Friday, July 16, 2010
Part I is intended to provide three understandings:
1. The Key systems engineering activities that are critical to the success of product development
2. How and why product development has evolved
3. The roles and responsibilities of systems engineers and other team members in modern product development
However, before we begin to address these three understandings there is some introductory material that needs to be explained. In addition to the three understanding listed, Part I seeks to explain important processes and tools available to engineers for reducing product development time, shows some practical examples of the processes and tools and provide the reader exercises to practice applying these processes and tools.
Understanding how and why product development has evolved over the past century is helpful in understanding modern methods. It also aids in encouraging the use of modern methods. Understanding the roles and responsibilities of systems engineers and other team members helps promote working as part of a team and hopefully encourages system engineers and their managers to involve design engineers, suppliers and manufacturing people earlier in product development. Understanding key system engineering activities helps encourage focusing on the product under development, not the development process and helps understand the implications of the complexity of modern systems and how to deal with this complexity.
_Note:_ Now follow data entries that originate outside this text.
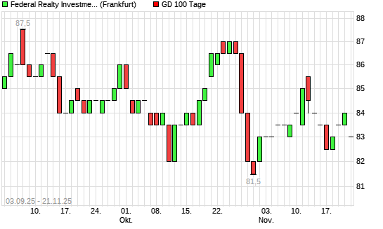 Mit dem Anstieg auf 83,00 EUR hat die Federal Realty Investment Trust-Aktie am 20.11.2025 die 100-Tage-Linie nach oben gekreuzt.
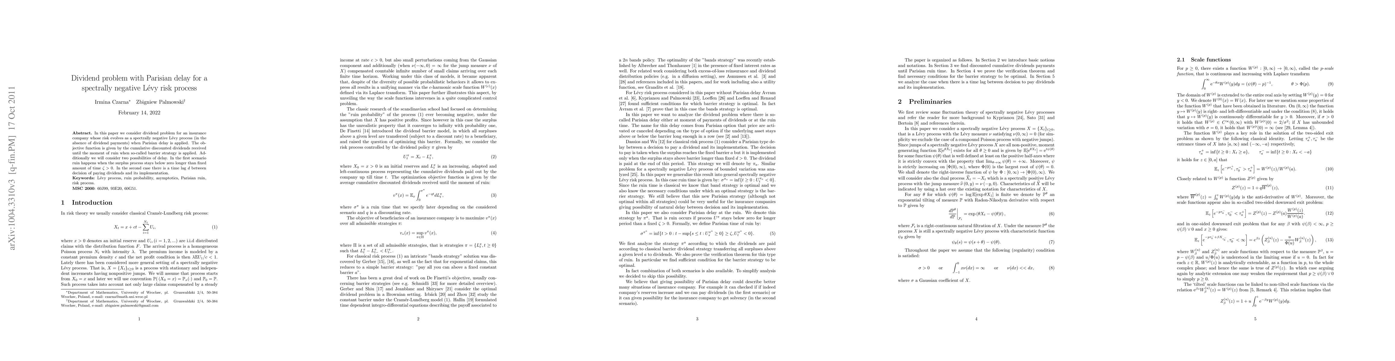 In this paper we consider dividend problem for an insurance company whose risk evolves as a spectrally negative L\'{e}vy process (in the absence of dividend payments) when Parisian delay is applied. The objective function is given by the cumulative discounted dividends received until the moment of ruin when so-called barrier strategy is applied. Additionally we will consider two possibilities of delay. In the first scenario ruin happens when the surplus process stays below zero longer than fixed amount of time $\zeta>0$. In the second case there is a time lag $d$ between decision of paying dividends and its implementation.
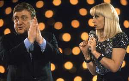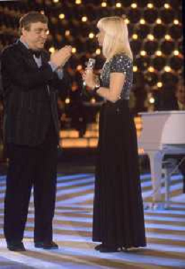 DIAP-RETROSPETTIVA MARIO MEROLA CANTANTE E ATTORE NELLA FOTO MARIO MEROLA NELL'ANNO 1987 OSPITE DELLA TRASMISSIONE TELEVISIVA “RAFFAELLA CARRA SHOW “ E LELLO ARENA AG ALDO LIVERANI SAS
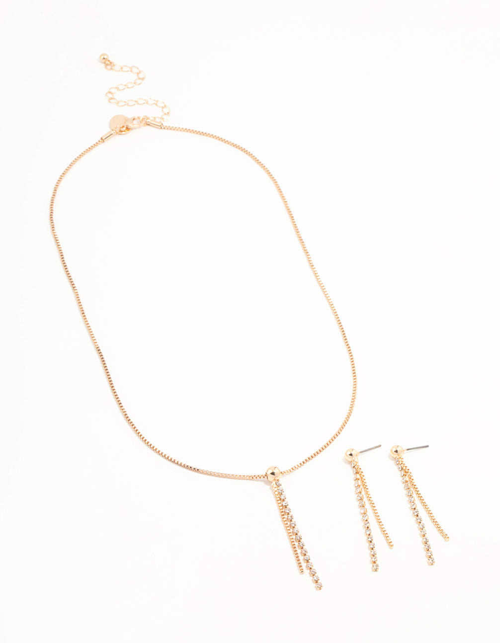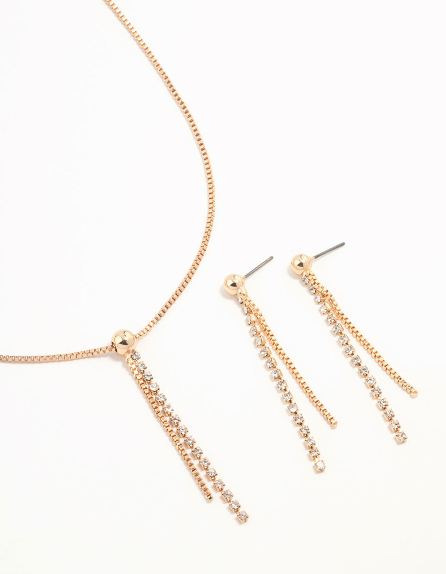 Delight your loved ones with a memorable gift set. This set includes diamante-encrusted cupchain earrings and a coordinating drop pendant necklace, ensuring they feel glamorous.
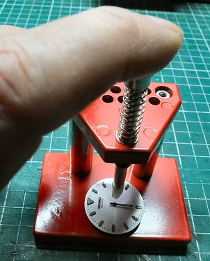 De wijzertjes ondersteboven met de uiteinden op twee stukjes binnenstebuiten opgerolde crèpe tape vastgemaakt en met een heel klein penseeltje op de achterkant glow in the dark verf aangebracht. Een uurtje laten drogen en hard laten worden. Vervolgens de uren- minuten- en seconden wijzers weer op het horloge vastgedrukt met zo’n klein rood drukpersje waarmee je heel precies en ook zonder de rest van de plaat te raken de wijzers weer kan vastzetten. Geen topkwaliteit, gewoon een simpel ding van een paar dollar van Ome Ali, maar het werkt prima, net als die koevoetjes van de zelfde Chinese leverancier.
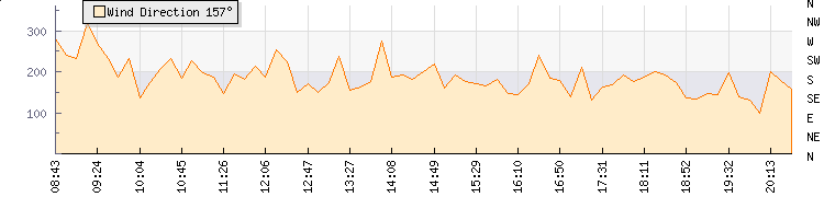 In the last few minutes the wind was South South East at an average speed of 3 knots, reaching up to 5 knots and a low of 2 knots. The gust strength is3 knots above the minimum speed |

The objective of product development is to achieve the shortest practical time from concept to production, which we can call development cycle time, at the lowest cost consistent with the required product quality. Numerous books and papers have discussed the importance of being first to market, or if not being first, getting to market with cost or feature advantages. Unfortunately, product development managers too often attempt to shorten the development cycle by limiting the systems engineering effort or terminating the systems engineering too early. Study after study has shown that cutting corners in systems engineering to save perhaps 5% in development cost or time results in problems in the later stages of the development cycle, like system test and in initial production, that increase development costs and time by 50 to 100%. The reason this happens is also revealed in such studies of costs over the development cycle. The systems engineering phase of product development typically costs about 10% of the total product development. However, it is found that often 80 to 90 % of the system costs are determined by decisions made while spending this first 10% of the development cost. There are two important consequences of this finding.
One is that it is possible to explore many design approaches during the systems engineering phase at very low cost. Only a portion of the systems engineering costs are spent exploring design approaches; the rest is spent on requirements analysis, documentation and communication. Thus it's possible to explore perhaps twice as many system design approaches for an increase in total development cost of only about 2%. Since doubling the number of design approaches explored significantly increases the likelihood that a higher quality or lower cost design approach is found it is well worth the extra expense.
The second important consequence is that systems engineering occurs at the beginning of the development cycle and no product development manager wants to deviate from a planned budget in the earliest stage of a project. It takes exceptional courage for a project manager to overrun the planned budget during the systems engineering phase no matter how well the manager understands the likely consequences. It is just human nature to hope that past lessons learned won’t apply to the current project. Thus managers are tempted to cut corners during systems engineering rather than conduct a thorough job even though doing a thorough job is highly likely to save costs in the long run.
There is a way out of the manager's dilemma and the way out is to use modern systems engineering methods that dramatically shorten the time and cost of the systems engineering phase of product development and improve the quality of the systems engineering work at the same time. I know that this sounds too good to be true but it has been proven to work.
If the modern methods are so effective why isn’t everyone using them? Good question. In my experience one reason is that organizations are reluctant to try new methods and another is that these new methods can be costly to implement if not done properly. I hope to show that there is a very cost effective way to implement these new methods. That is the subject for Part II of this work. But before we begin to explore new methods it’s important to understand how to best use traditional methods because using best practices with traditional methods carries over to helping achieve the best use of more modern methods.